_Exercise description_:
Without including any pictures, copy every line below exactly.

_Raw data_:
-- -- --
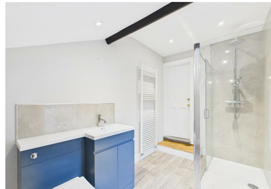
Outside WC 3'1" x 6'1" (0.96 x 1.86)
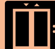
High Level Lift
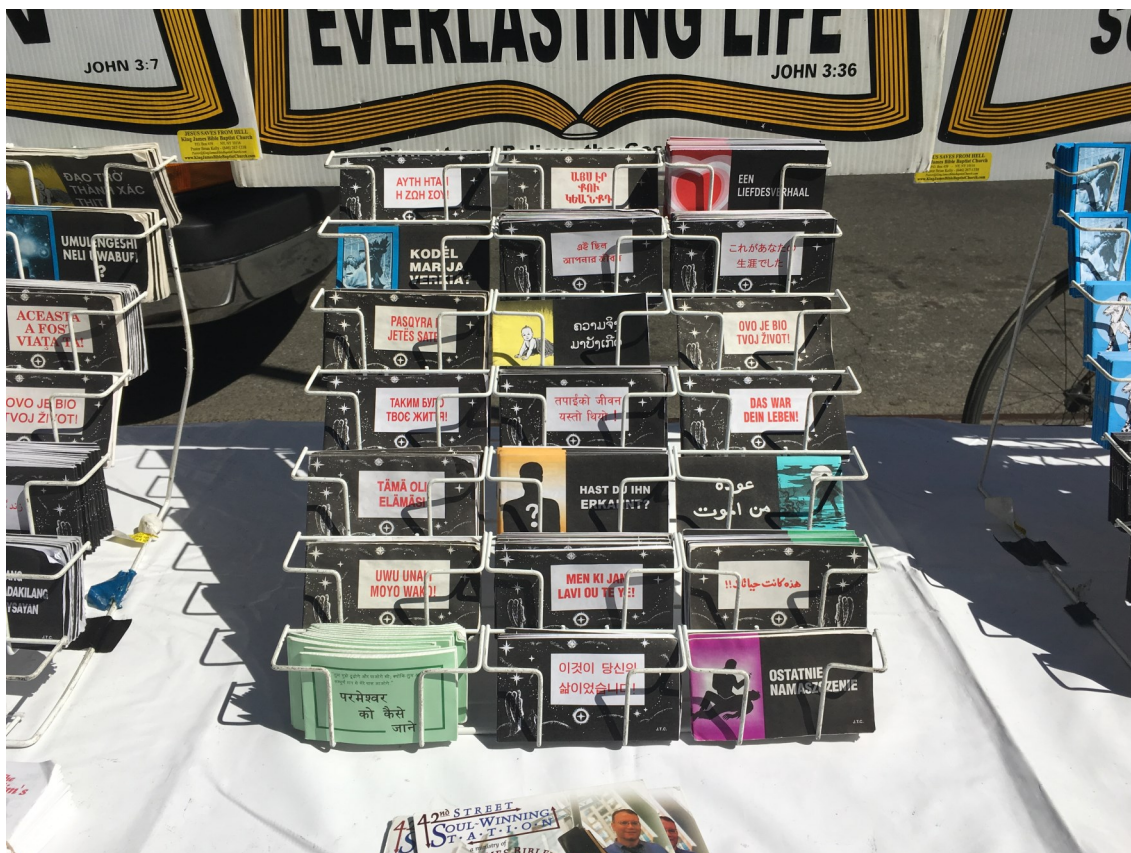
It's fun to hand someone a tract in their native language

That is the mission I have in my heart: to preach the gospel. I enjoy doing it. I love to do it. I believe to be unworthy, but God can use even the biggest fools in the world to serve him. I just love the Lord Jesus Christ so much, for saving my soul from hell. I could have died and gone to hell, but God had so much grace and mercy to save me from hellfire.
-- -- --
_Response_:
Outside WC 3'1" x 6'1" (0.96 x 1.86)
High Level Lift
It's fun to hand someone a tract in their native language

That is the mission I have in my heart: to preach the gospel. I enjoy doing it. I love to do it. I believe to be unworthy, but God can use even the biggest fools in the world to serve him. I just love the Lord Jesus Christ so much, for saving my soul from hell. I could have died and gone to hell, but God had so much grace and mercy to save me from hellfire.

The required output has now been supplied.